The locust invasion has gravely impacted the livelihoods of nearly 2.6 million living in forty-three districts of Somalia. The agriculture sector remains the backbone of the economy and accounts for about 75 percent of GDP.
The Shock Responsive Safety Net for Locust Response (SNLRP) will focus on addressing the immediate impact of the locust infestation on poor and vulnerable households by meeting their short-term food security and consumption needs and protecting their livelihoods and human capital assets through emergency cash transfer. The project builds on the new and Government-led “Baxnaano” (meaning uplifting in Somali) national cash transfer program. It also complements the recently approved Somalia Crisis Recovery Project (SCRP), which focuses on measures to control the spread of locusts and to restore the livelihoods of smallholder households by providing re-engagement farming packages.
“The locust invasion risks are aggravating the ongoing humanitarian crisis in Somalia and leading to reduced access to food, loss of income, resource-based conflict and limited migration options,” said World Bank Country Director for Somalia, Felipe Jaramillo. “We are supporting the Federal Government of Somalia to put in place a social protection system under the Baxnaano program that can respond quickly to protect subsistence farmers and pastoralists, from falling into deeper levels of food insecurity, as well as preventing the sale/loss of their productive assets.”
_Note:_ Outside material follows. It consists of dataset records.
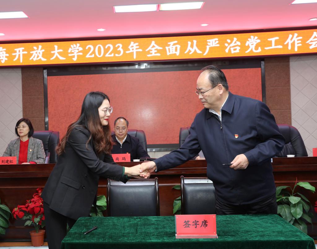 会议以习近平新时代中国特色社会主义思想为指导,传达学习二十届中央纪委二次全会、省十四届纪委二次全会和教育部、全省教育系统2023年度全面从严治党工作会议精神,表彰2022年度党风廉政建设考核优秀部门组织人事处(纪委)、学校办公室、教育信息技术与资源建设中心,签订2023年度党风廉政建设目标责任书。党委副书记、校长尚玛作了主题为《全面从严治党 勇于自我革命 奋力推进学校事业高质量有特色发展》的讲话,回顾总结学校2022年全面从严治党工作,安排部署2023年重点任务。
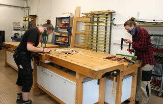 In der Holzwerkstatt der Ehrhart-Schott-Schule werken Isabel (l.) und Anna.
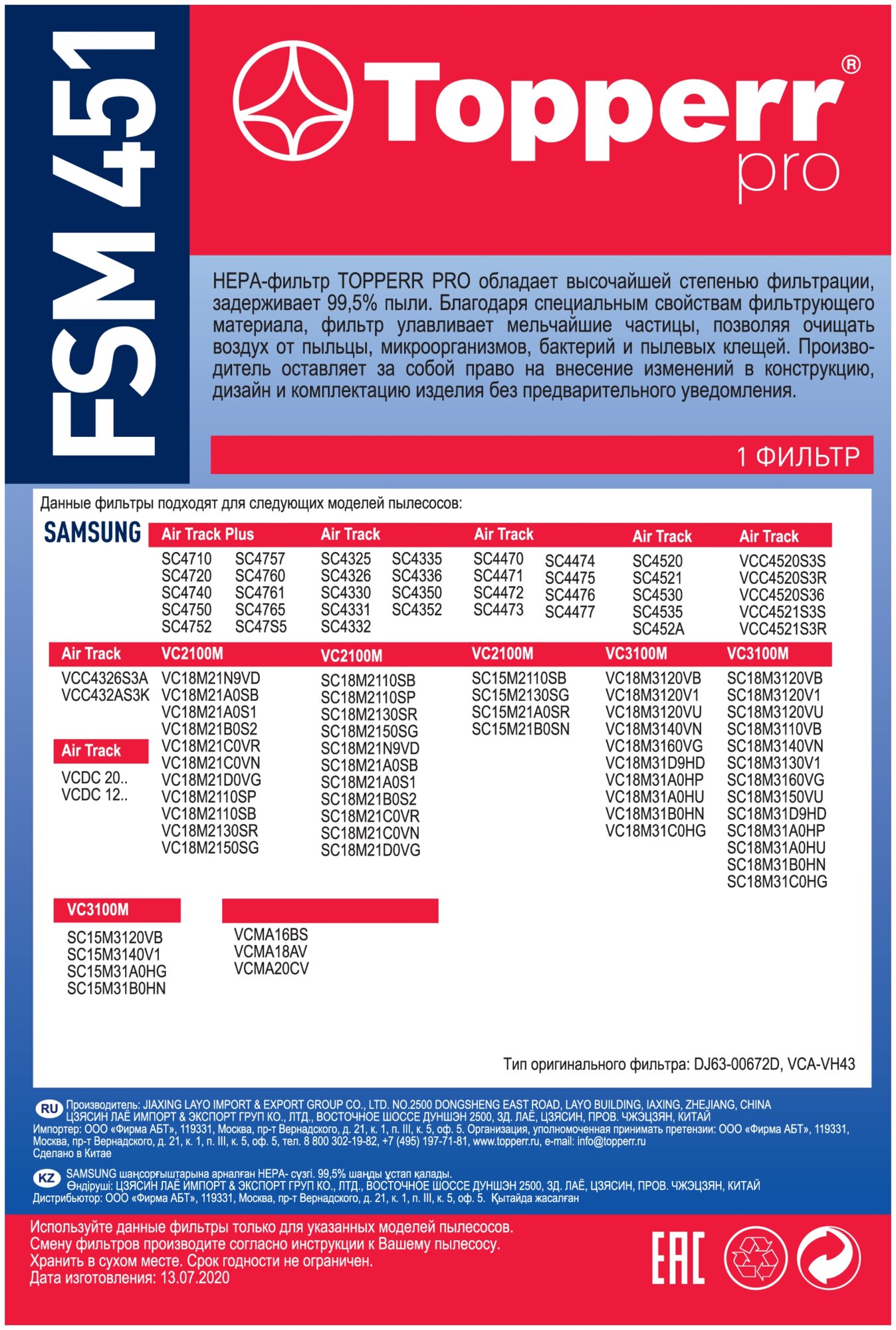 Фильтр Topperr FSM 451, для пылесосов Samsung, HEPA-фильтр, 0,1 кг интересное:
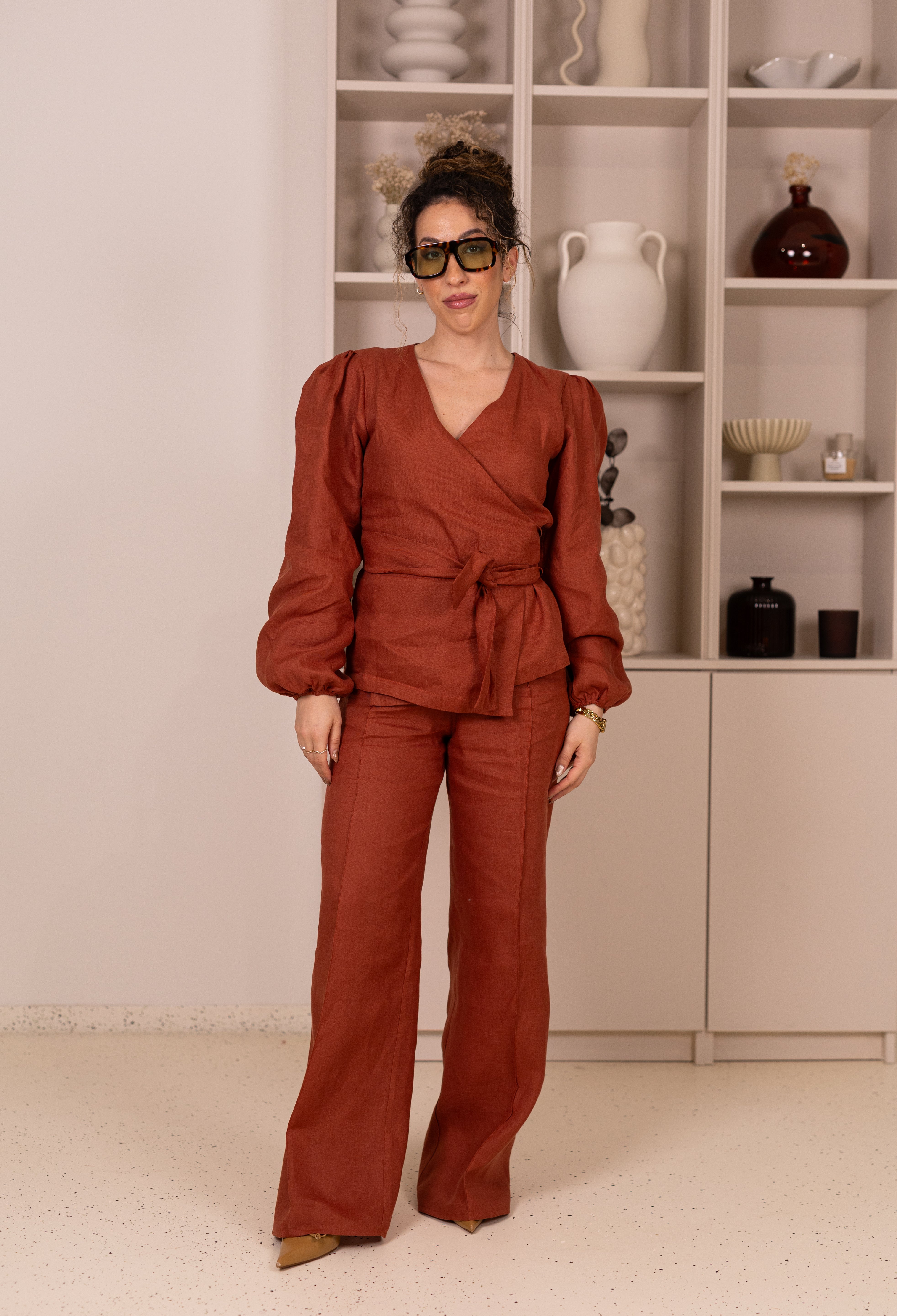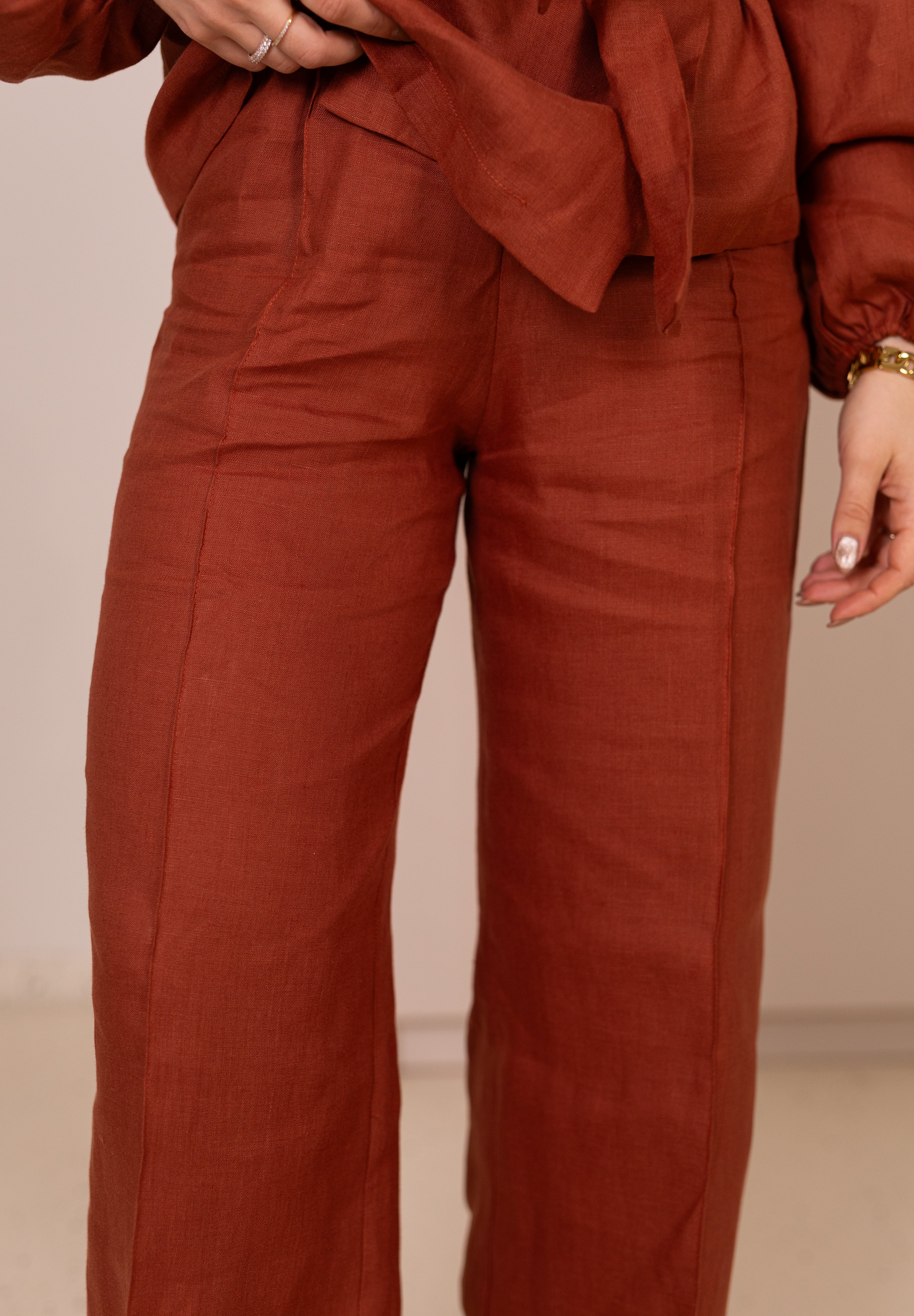 Calças de cintura subida em linho, pensadas para acompanhar o dia a dia com conforto e elegância.
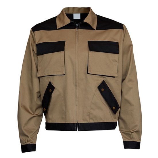Blouson à fermeture éclair centrale, 2 poches supériees de plaquée con soufflées, à rabats et velcro, Empiècement arrière,ceinture élastique sur les côtés, pinces dans le dos et poignets à pressions.
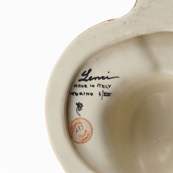 "Madonna Pompeiana", piastra da muro in terracotta maiolicata modellata a colaggio in altorilievo e decorata con smalti policromi pastello, sul retro "Lenci Made in Italy Torino 4/XIII", etichetta Lenci numerata 473, firma sul retro, lievi difetti, 28x18 cm.
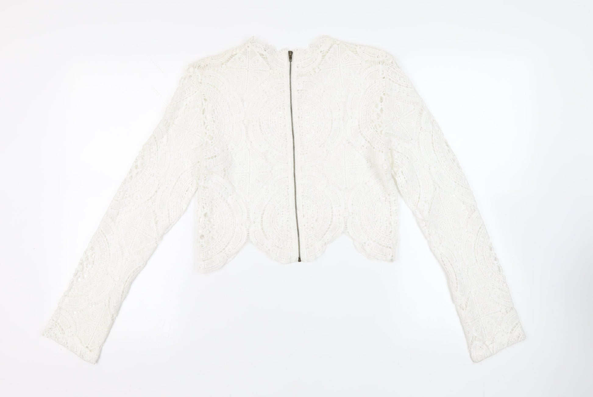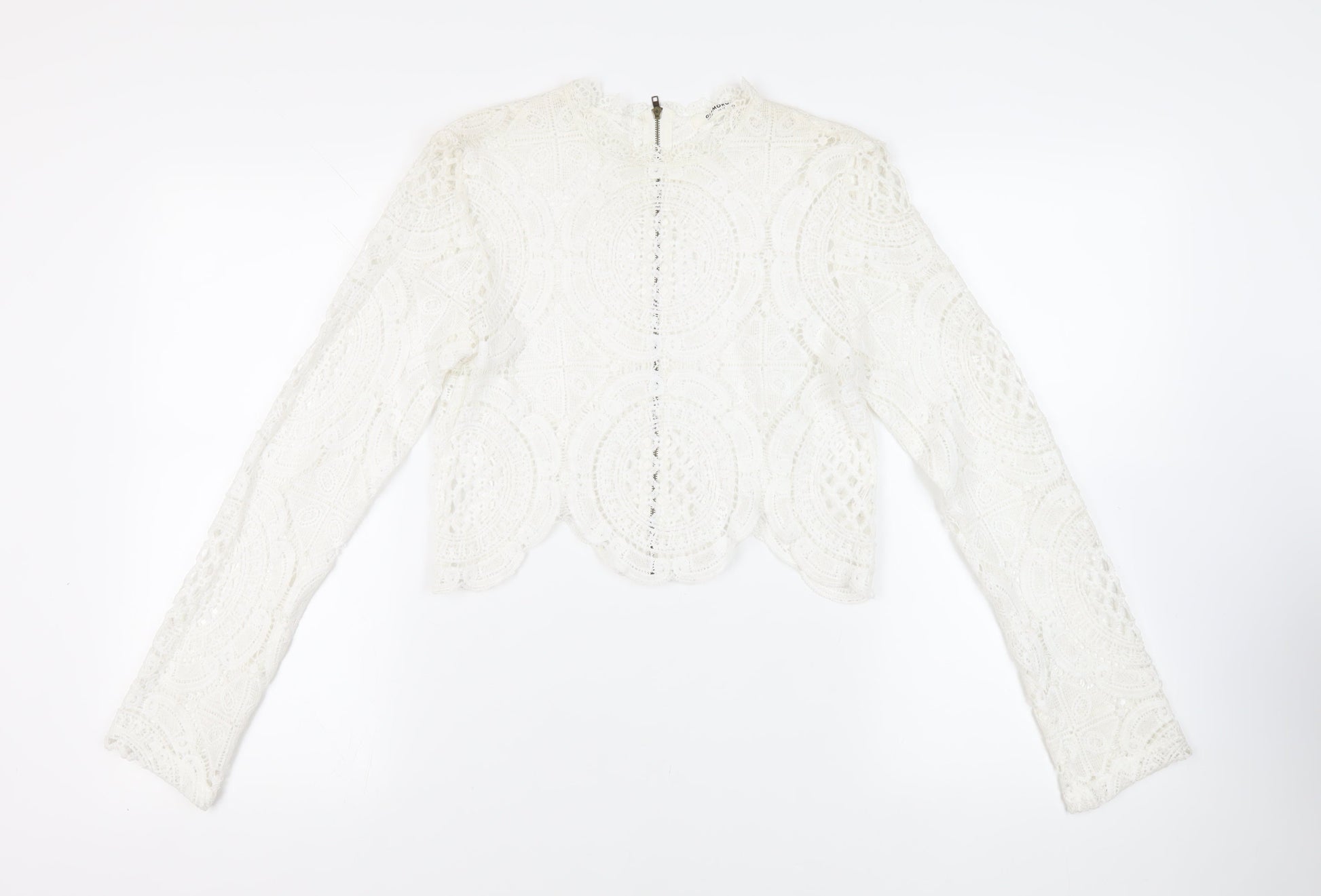 Glamorous Womens White Cotton Cropped Blouse Size 10 Mock Neck
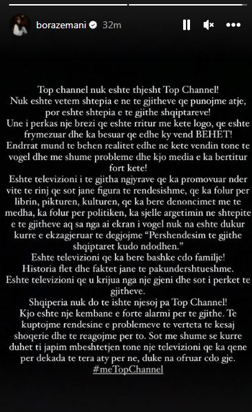 “Top Channel nuk është thjesht Top Channel! Nuk është vetëm shtëpia e ne të gjithëve që punojmë atje, por është shtëpia e të gjithë shqipëtarëve! Unë i përkas një brezi që është rritur me këtë logo, që është frymëzuar dhe ka besuar që edhe ky vend BËHET! Ëndrrat mund të bëhen realitet edhe në këtë vendin tonë të vogël dhe me shumë probleme dhe kjo media e ka bërtitur fort këtë! Është televizioni i të gjitha ngjyrave që ka promovuar ndër vite të rinj që sot janë figura të rëndësishme, që ka folur për librin, pikturën, kulturën, që ka bërë denoncimet më të mëdha, ka folur për politikën, ka sjellë argëtimin në shtëpitë e të gjithëve aq sa nga ai ekran i vogël nuk na është dukur kurrë e ekzagjeruar të dëgjojmë “Përshëndesim të gjithë shqiptarët kudo ndodhen.” Është telvizioni që ka bërë bashkë çdo familje! Historia flet dhe faktet janë të pakundershtueshme. Është televizioni që u krijua nga një gjeni dhe sot i përket të gjithëve. Shqipëria nuk do të ishte njësoj pa Top Channel! Kjo është një këmbanë e fortë alarmi për të gjithë. Të kuptojmë rëndësinë e problemeve të vërteta të kësaj shoqërie dhe të reagojmë për to. Sot më shumë se kurrë duhet t’i japim mbështetjen tonë një televizioni që ka qenë për dekada të tëra aty për ne, duke na ofruar çdo gjë. Me Top Channel.”

After more than two decades of conflict and insecurity, Somalia is gradually establishing the foundations for stability and a new political settlement. However, wide-spread poverty and vulnerability to natural disasters, epidemics and unemployment shocks, threaten this progress and the well-being of millions of Somalis. For example, Somalia has experienced 14 droughts since 1960, averaging one every four years. Today, nearly 70 percent of Somalis live below the international poverty line with poverty being more acute in rural areas, making Somalia the third poorest country in the region.
“During crisis, poor and vulnerable households are hit hard because they have the least ability to adapt in times of crisis, so they adapt negative copying mechanisms, such as eating less food or less nutritious food, selling off their productive assets and taking children out of school, in order to meet their short-term needs,” said World Bank Task Team Leader for Somalia, Afrah Alawi Al-Ahmadi. “Such measures have a long-term negative impact on the accumulation of human capital of impacted households. The Project will support around 100,000 households with cash assistance to access food and basic needs and therefore, enable them to protect their human and physical assets during the crisis.”